--- Assignment ---
Set down, please, exactly the lines below that run from the line with "Beyaz Yılan Desenli Bağcıklı Sneakers" to the line with "ユーザーが継続してライフログ", both lines included.

--- Exercise inputs ---
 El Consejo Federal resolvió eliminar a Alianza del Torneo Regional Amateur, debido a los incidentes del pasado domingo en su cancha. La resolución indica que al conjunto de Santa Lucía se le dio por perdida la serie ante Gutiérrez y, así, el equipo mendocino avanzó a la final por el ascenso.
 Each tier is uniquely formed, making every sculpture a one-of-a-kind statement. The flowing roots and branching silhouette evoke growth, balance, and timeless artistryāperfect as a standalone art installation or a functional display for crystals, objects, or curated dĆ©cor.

==

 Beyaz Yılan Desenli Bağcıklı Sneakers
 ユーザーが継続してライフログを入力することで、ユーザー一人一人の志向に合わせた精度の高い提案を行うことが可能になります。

==

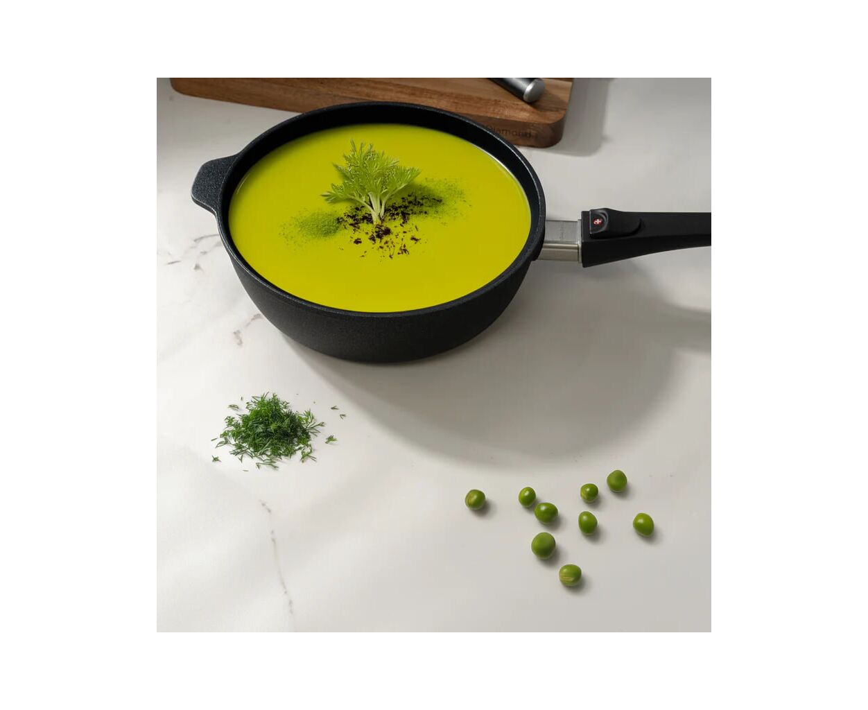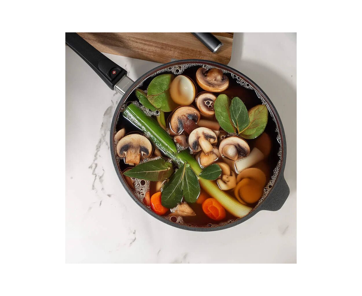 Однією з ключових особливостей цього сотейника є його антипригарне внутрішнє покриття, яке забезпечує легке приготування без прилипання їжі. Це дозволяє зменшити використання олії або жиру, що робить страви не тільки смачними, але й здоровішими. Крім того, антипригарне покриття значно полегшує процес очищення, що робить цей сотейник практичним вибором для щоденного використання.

--- Response area ---
 Beyaz Yılan Desenli Bağcıklı Sneakers
 ユーザーが継続してライフログを入力することで、ユーザー一人一人の志向に合わせた精度の高い提案を行うことが可能になります。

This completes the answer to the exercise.